As benchmarking takes a significant amount of time, the results were pre-calculated (using the rmd-file speed_improvement_data.Rmd, which is available within the installed sdarr-package). Use rmarkdown::render() to have the benchmarking conducted on you computer and knitted to an html-document into the current working directory, i.e. run the following block:

# knit the benchmarking-rmd to html-file
# (and save the result data in the current working directory)
# caution: might take some time...
speed_improvement_data <- rmarkdown::render(
  input = paste0(system.file(package = "sdarr"), 
                 "/rmd/speed_improvement_data.Rmd"),
  params = list(
    # set Number of cores for benchmarking
    use_cores = c(1, 4, 8), 
    # synthetic data - set min and max effective number of bits
    enob = c(11.3, 15.6),
    # synthetic data - set Number of synthetic test records
    length.out = 24,
    sdarr_benchmark_result_filepath = file.path(
      getwd(), "sdarr_benchmark_result.rda")),
  knit_root_dir = getwd(),
  output_dir = getwd()
  )
  
# knit the evaluation-rmd to html-file
speed_improvement_evaluation <- rmarkdown::render(
  input = paste0(system.file(package = "sdarr"), 
                 "/rmd/speed_improvement_evaluation.Rmd"),
  params = list(sdarr_benchmark_result_filepath = file.path(
    getwd(), "sdarr_benchmark_result.rda")),
  knit_root_dir = getwd(),
  output_dir = getwd()
  )
  
# view the knitted file
utils::browseURL(speed_improvement_evaluation)

Benchmarking Results Data Set

The results of the benchmarking contain speed estimations for normalized data ranges from 53 to 1021 points. A total of 24 synthetic test records was analyzed using 1 to 8 cores. Data was pre-calculated (using the rmd-file speed_improvement_data.Rmd, which is available within the installed sdarr-package) and copy-pasted here.

Results

The execution time of the different algorithms over the number of points in the normalized range is given in the plot.

Summary and Conclusion

As expected, the standard SDAR-algorithm seems to scale quadratic with the number of points in the normalized data range. It also benefits the most from using several cores (except for some minor overhead of ~100ms when using 8 cores at very few points in the normalized data range).

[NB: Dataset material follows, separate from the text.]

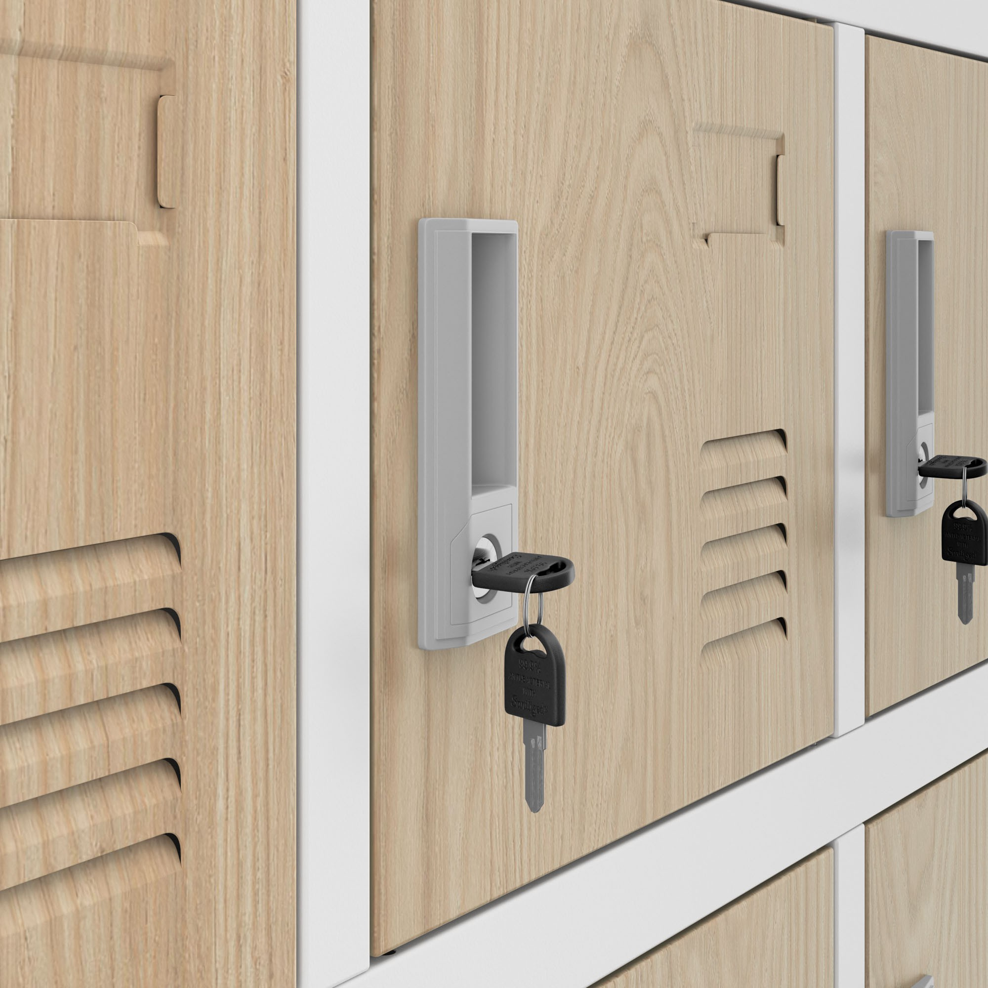 - Univerzální klíč: Umožňuje otevření všech přihrádek v případě ztráty klíče.

The random sub-sampling modification, which is available via sdar_lazy(), drastically reduces processing time compared to the standard SDAR-algorithm for higher resolution test data. For lower resolution test data, the algorithm will fall back to the standard SDAR-algorithm but still, there is some additional overhead to be considered.
Comparing the results, the speed improvement of the random sub-sampling modification is apparent at 250 - 400 points in the normalized data range (depending on the number of cores used). At very high-resolution data (> 600 points in the normalized range), the execution time for sdar_lazy() seems to stabilize to a (more or less) constant value of 1.8 seconds (when using four cores) to 3 seconds (when using only one or eight cores). The actual time will vary depending on the machine used for computation.

Using using several cores for the SDAR-algorithm via setting multisession plan will drastically improve performance. Yet, the additional overhead might slow down processing when using the maximum available cores. Tweaking the plan (see the vignette A Future for R: Future Topologies for further information) might increase overall performance when processing batches of data.